My review of Aminatta Forna’s Ancestor Stones appeared in Newsday this weekend. Here’s an excerpt:
Aminatta Forna made peace with Sierra Leone, the homeland she fled as a girl, by reconstructing the most terrible memories of her childhood, and then digging deeper. She investigated the execution of her finance minister father for treason — he was sentenced to hanging when she was 11 — and learned that his accusers were bribed into giving false testimony. She recorded these recollections and discoveries in a furious, breathtaking memoir, “The Devil That Danced on the Water.”

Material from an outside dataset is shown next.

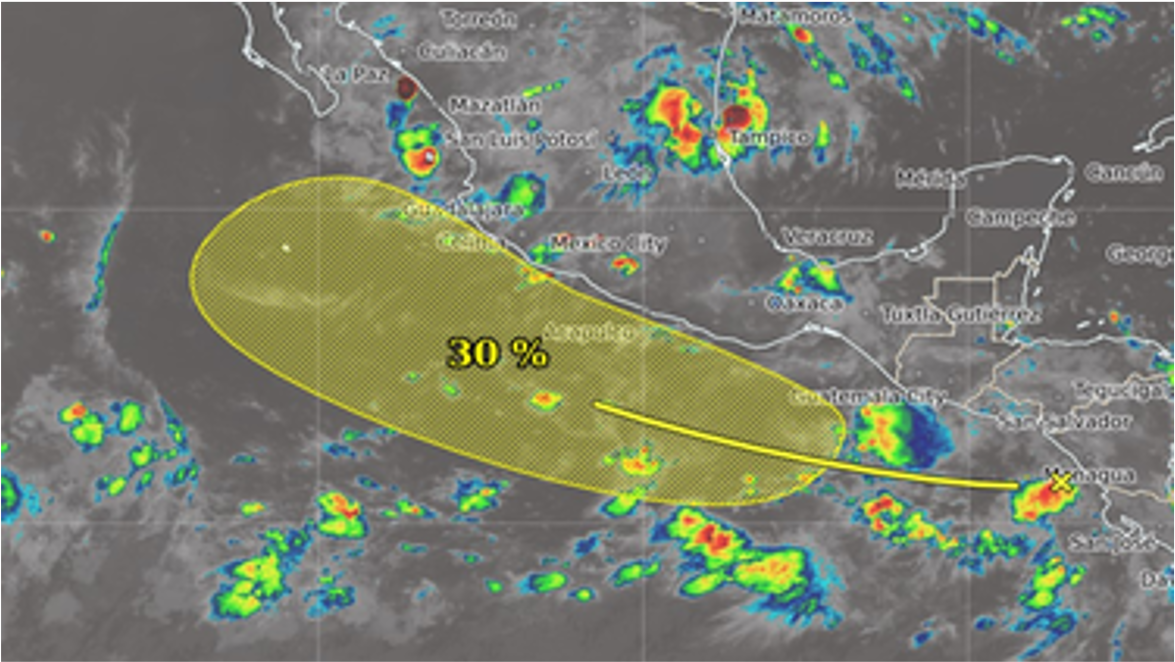 La Comisión Nacional del Agua (Conagua) y el Servicio Meteorológico Nacional (SMN) mantienen el radar encendido en una zona de baja presión al sur del río Suchiate, en la frontera con Guatemala, con 30 % de probabilidad de evolucionar a ciclón tropical en las siguientes 48 horas y hasta 80 % en siete días. Si se confirma, llevará el nombre de «Mario» y se convertiría en el decimotercero fenómeno de la temporada en el Pacífico.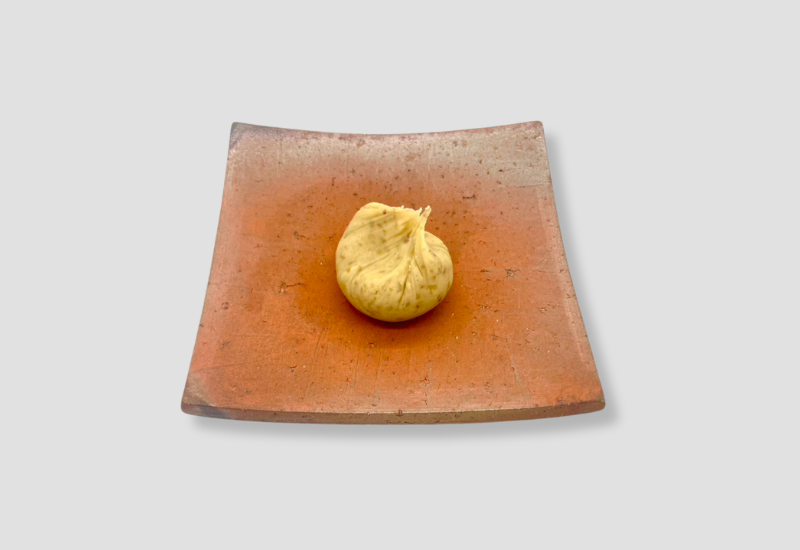 栗一粒を自家製こし餡と滋賀羽二重糯で丁寧に包みました。

Her first novel, “Ancestor Stones,” is an even more ambitious undertaking, one that seeks to evoke an entire country through the stories of four women and their Anglicized niece. The niece, Abie, returns to replant the family coffee plantation, which has been ravaged by war. Standing amid the trees to greet her are four husbandless aunts, half-sisters born to different wives of the same wealthy planter. Abie’s arrival prompts the women to unburden themselves of their histories and deepest secrets.
Forna allows each woman to tell her own story. Aunt Asana, daughter of the senior wife, is a widow with a “magnificent hauteur” inherited from her mother. Mary, the spinster aunt, has a damaged eye that causes children to run from her in fright. Bitter Hawa has always worn the same expression, of “disappointment already foretold.” Divorcee Serah, “belly sister” to Abie’s father, speaks to her niece as “no other adult ever had — as though I might one day become her equal.” Their stories flow like water, one often tragic event giving way to another.
It’s a book that gathers power as it goes. My one criticism is that the intended universality of Forna’s women sometimes makes their voices feel insufficiently differentiated. You can sample Ancestor Stones online at the New York Times and at KGBBarLit. If you haven’t read Forna, start with The Devil That Danced on the Water.